Years later, when I was producing/reading the news for a smaller web radio station, I got the chance to experience the advantages of working on a standing desk myself. A desk I had also built. It wasn’t the fancy, motorized version I had seen before, but a mere raised counter top version. Still, I loved it! With its faults and everything.
Then I moved, switching universities, quitting the web radio “job” and leaving the desk behind. For years I worked on “normal” desks, sitting all day long.
Every now and then I would hear about standing desks (or treadmill desks), or see one on the internet somewhere. And every time I would think about either buying one or somehow changing my workflow so that I wouldn’t sit as much. Then I would dismiss the idea for one reason or another.
Until I build my own version of a standing desk last weekend.

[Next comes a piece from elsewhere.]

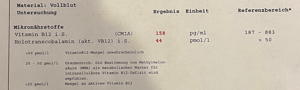 What I continue to find problematic is that the tests provide numbers but no medical interpretation or individual therapy recommendation. As mentioned before, the phone call for the blood test is voluntary, while at the doctor’s, I receive mandatory advice. Especially with critical nutrients like vitamin B12, this can lead to false security—or uncontrolled self-medication.

It was actually quite easy. I had been a big fan of IKEA’s “Ivar” shelves, owing a couple of them, when I was in dire need of additional shelf-space about a year ago. Sadly, my apartment wasn’t big enough. The only free space that was left was the one above my desk. That’s when I put the smaller Ivar shelf that had previously lived in my kitchen on top of my desk as kind of an “office supply and filing cabinet”.

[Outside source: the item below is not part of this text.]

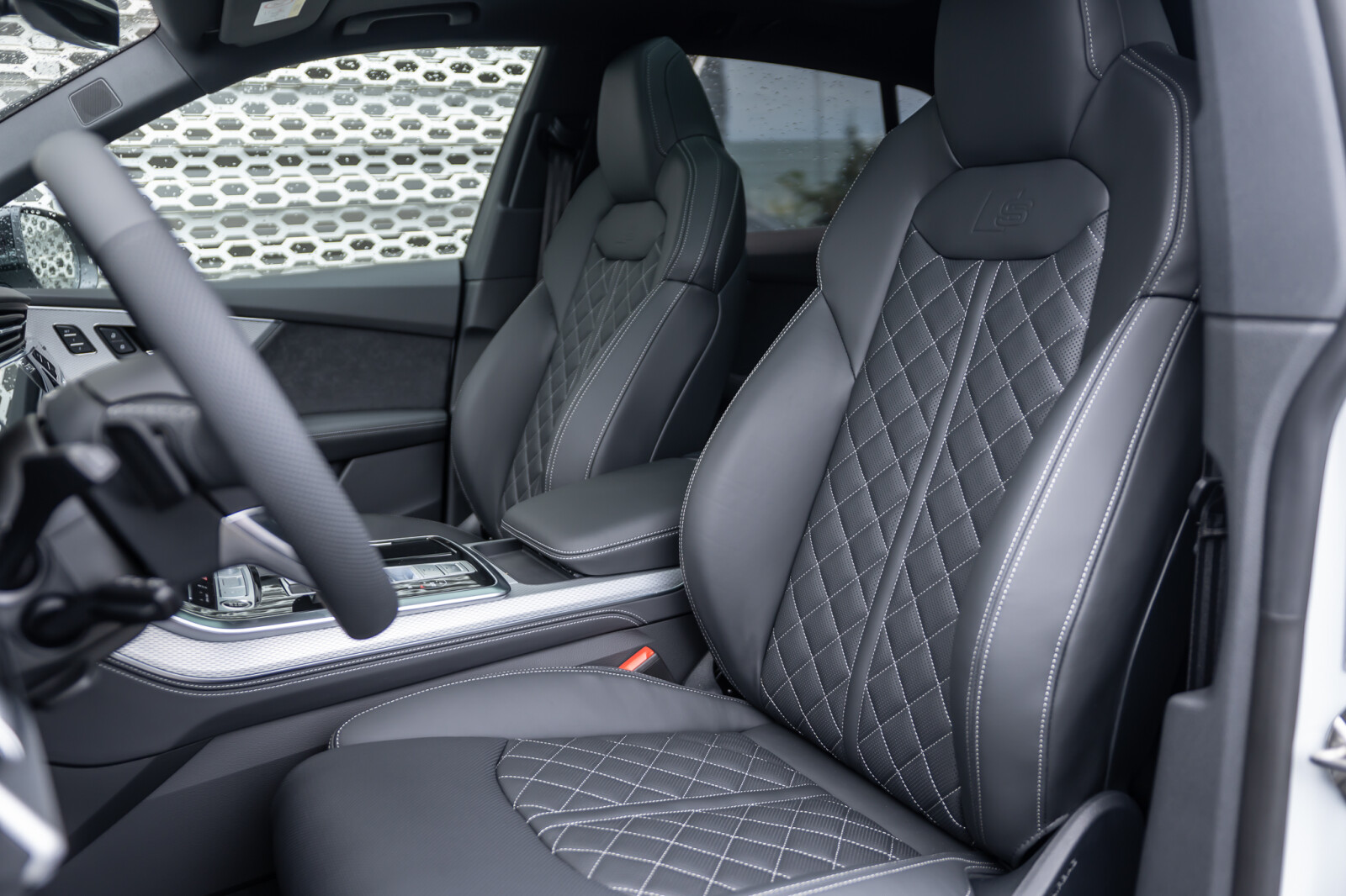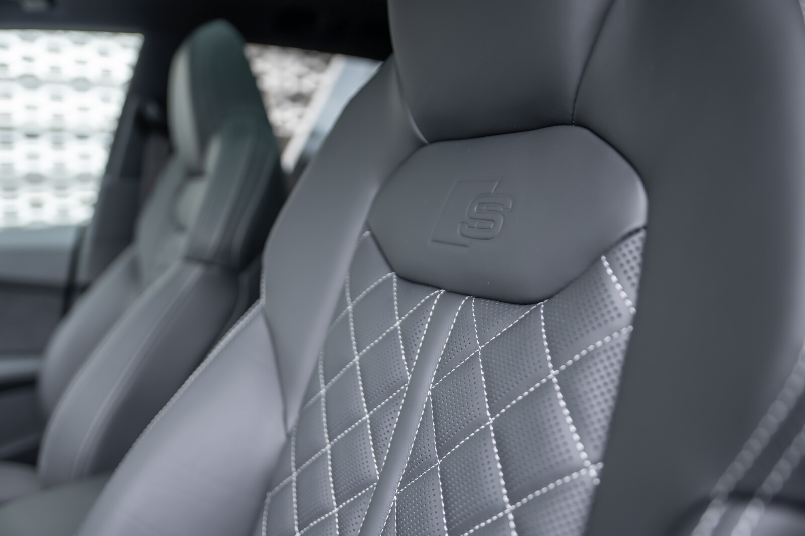 • tapicerka z kombinacji mikrofibry Dinamica Frequenz/skóry z wytłoczonym logo S na oparciach przednich siedzeń

That was the one key ingredient for my standing desk.
Here’s what you’ll need:
- a preexisting desk
- two 12x70” side units $24
- three 33x12” shelf boards $18
- one 33x20” shelf board $12
- one cross-brace $5
If you want to build it from scratch, without the preexisting desk I incorporated, you can get the 12x86” side units instead and add a few additional shelf boards.
The shelf itself is assembled as usual. It only gets tricky when you have to remove part of the plastic side rail so that the 33x20 board fits into the smaller shelf and can be used as the keyboard tray. First, mark where you’ll cut the rail (measuring twice!), then cut it using a sharp knife or a saw. When you’ve cut all the way through, you can remove the plastic with the help of a screwdriver. Be careful not to damage the wood! I’d also suggest to secure the shelf to the wall so that it won’t tip over.
That’s it. You just built your very own standing desk. Overall, a pretty cheap solution!